A new method for grooving front grid line electrode of crystalline silicon solar cell and manufacturing method of the solar cell

Abstract

The invention discloses a novel method for slotting a front grid line electrode of a crystalline silicon solar battery and a manufacturing method of the solar battery. The crystalline silicon solar battery comprises a crystalline silicon P-N knot substrate, a back electrode, a front grid electrode and a reflection reduction layer, wherein the front grid electrode is in ohmic contact with the N zone of the crystalline silicon P-N knot substrate; the reflection reduction layer is positioned on the surface of the N zone of the crystalline silicon P-N knot substrate. The manufacturing method comprises the following steps: washing and texturing, diffusing, manufacturing knots, washing phosphorus, etching, preparing the back electrode, performing silk-screen printing on a front grid line electrode model, preparing the reflection reduction layer, oxidizing and sintering, and electroplating the front grid line electrode. With the combination of a conventional silk-screen printing technique, an emitter electrode can be slotted, the front grid electrode can be electroplated, oxidized and sintered in a photoinduction manner, and the novel method is convenient to combine with industrial production and has the characteristics of simple production process, high efficiency and high photoelectric conversion efficiency.

Description

technical field [0001] The invention relates to a new method for slotting the front grid electrode of a crystalline silicon solar cell and a manufacturing method of the solar cell, in particular to a crystalline silicon solar cell with high conversion efficiency and a manufacturing method thereof. The field of solar technology. Background technique [0002] In 1839, the French scientist Becquerel discovered that light could generate a potential difference between different parts of a semiconductor material. That is "photovoltaic effect". In 1954, American scientists Chapin and Pearson made a practical monocrystalline silicon solar cell for the first time at Bell Laboratories in the United States, giving birth to a practical photovoltaic power generation technology that converts sunlight energy into electrical energy. After more than half a century of technological improvement, crystalline silicon solar cells still account for 80-90% of the solar power generation market. H...

AI Technical Summary

Problems solved by technology

However, the screen printing technology has the following defects: 1. There is a layer of non-conductive glass between the sintered silver grid electrode and silicon, and the contact resistance is very large; 2. The organic matter in the silver paste evaporates during the sintering process, making the silver electrode It is loose and porous, and the volume resistance of silver electrodes is large; 3. The grid lines of screen printing are generally larger than 80 μm, and it is difficult to reduce the line width, and one printing can only produce a line height of less than 25 μm. It will cause the grid line to be further widened, so the aspect ratio is small, and the wider line width reduces the effective working area of ​​the solar cell, so the shadow loss is large; 4. The silver material itself is expensive

Using lithographic slotting requires photolithography, chemical directional etching or mechanical etching slotting to provide a mask for electroplating, chemical plating or light-induced electroplating, although it solves the problem of large contact resistance and bulk in screen printing. The shortcomings of large resistance and large shadow loss, but the process is too complicated, the production cost is too high, and the equipment production efficiency is low, so it has not been widely used in the industry.

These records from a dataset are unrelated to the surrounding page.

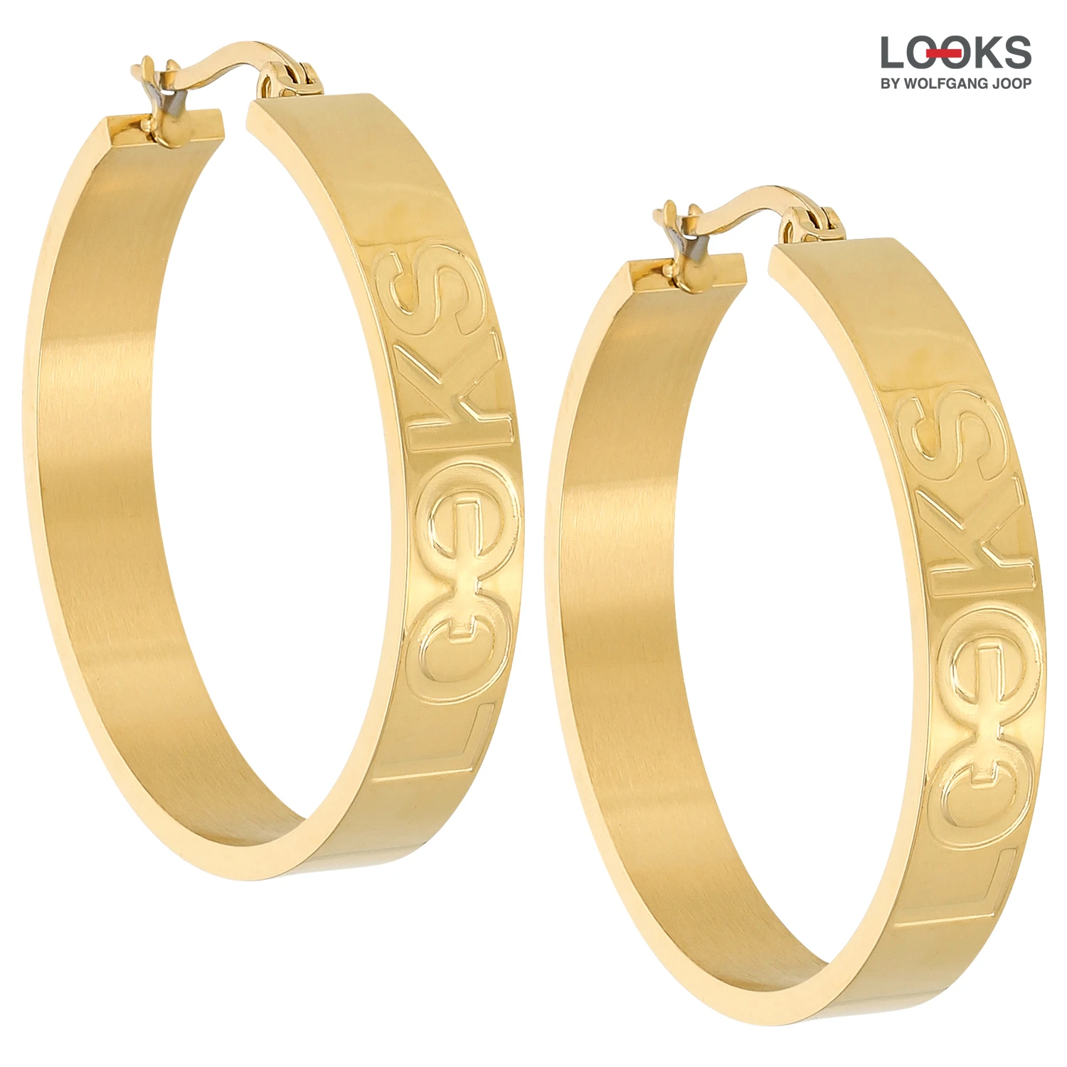 Die Edelstahl Ohrringe – Looked Upon in der Farbe Gold haben die Aufschrift „LOOKS“. Jetzt im Online-Shop von Bijou Brigitte zu entdecken!
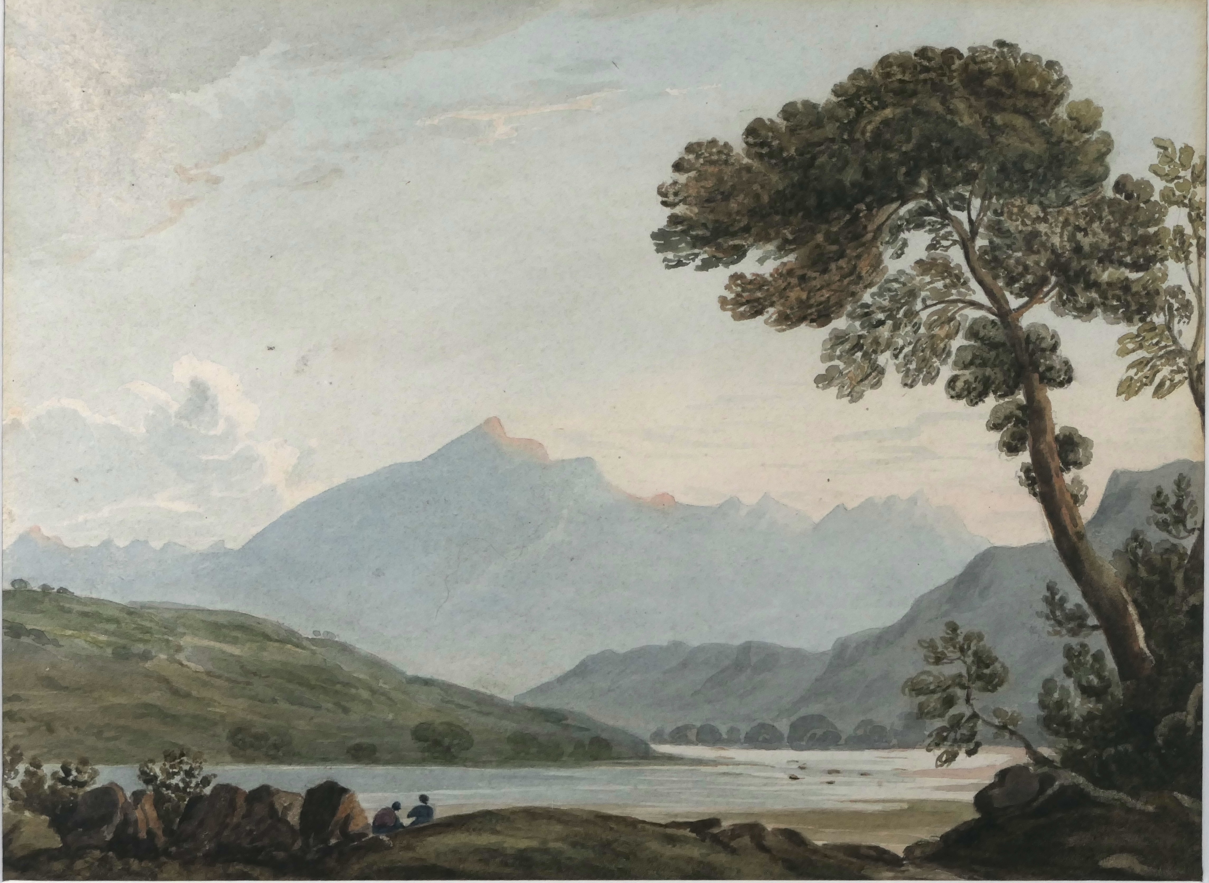 This tranquil view of one of Varley's favourite sublime subjects, Yr Wyddfa, known as Mount Snowdon, was taken from the south, across Afon Dwyryd. In search of sublime and picturesque scenery, Varley visited North Wales in 1798/9 and 1802, and North Wales landscapes are predominant in his early work, as he emerged out of Thomas Girtin's influence. Although he continued to paint such views across his career, the present, simply observed work, retaining most of its original colour and freshness, would seem from its handling and direct topography, to date from not long after his North Wales trips.
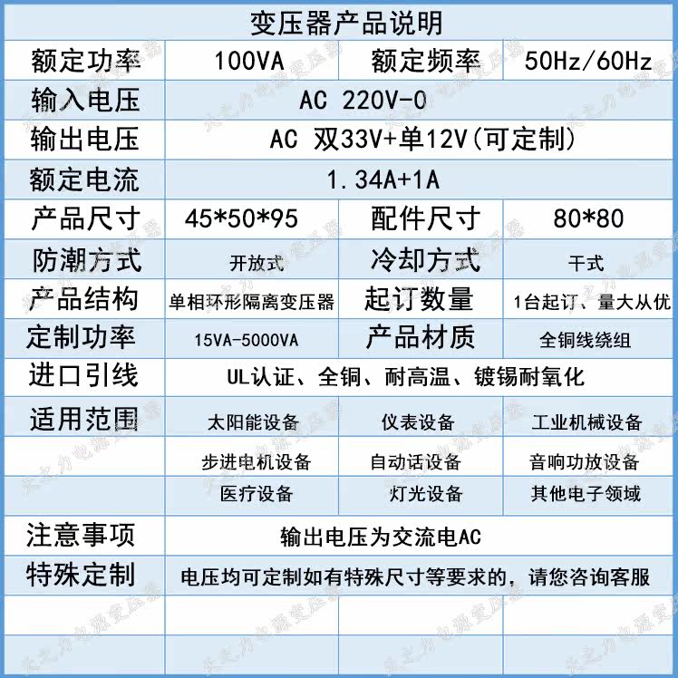 Трансформатор, медный блок питания, электронные аксессуары, 100W, 220v, 33v, 12v
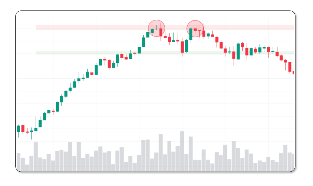 Doble techo y doble suelo: Este patrón se forma cuando el precio alcanza dos veces un nivel máximo (doble techo) o un nivel mínimo (doble suelo). Estos patrones vienen acompañados por un volumen alto en su primer contacto con el primer techo o el primer suelo, y un volumen menor en el segundo contacto con el techo o suelo. El análisis que se realiza es, si con el volumen anterior no se logró romper esa zona, ¿Es posible que un volumen menor pueda romper la zona de demanda (para doble suelo) o de oferta (para doble techo)?, en la mayoría de los casos la probabilidad de que logre romper la zona con un volumen menor al anterior es muy baja.

[0005]In short, the existing solar cell production technology is difficult to overcome the shortcomings of large contact resistance, large volume resistance, large shadow loss, high cost, and complicated production process. The substrate only relies on high-temperature sintering to form an insulating glass body to maintain contact. Under vibration or long-term exposure to sunlight, due to lattice mismatch, it is easy to cause metal grid lines to delaminate and cause poor contact, which affects the capture of photogenerated electrons and affects the conversion efficiency of solar cells.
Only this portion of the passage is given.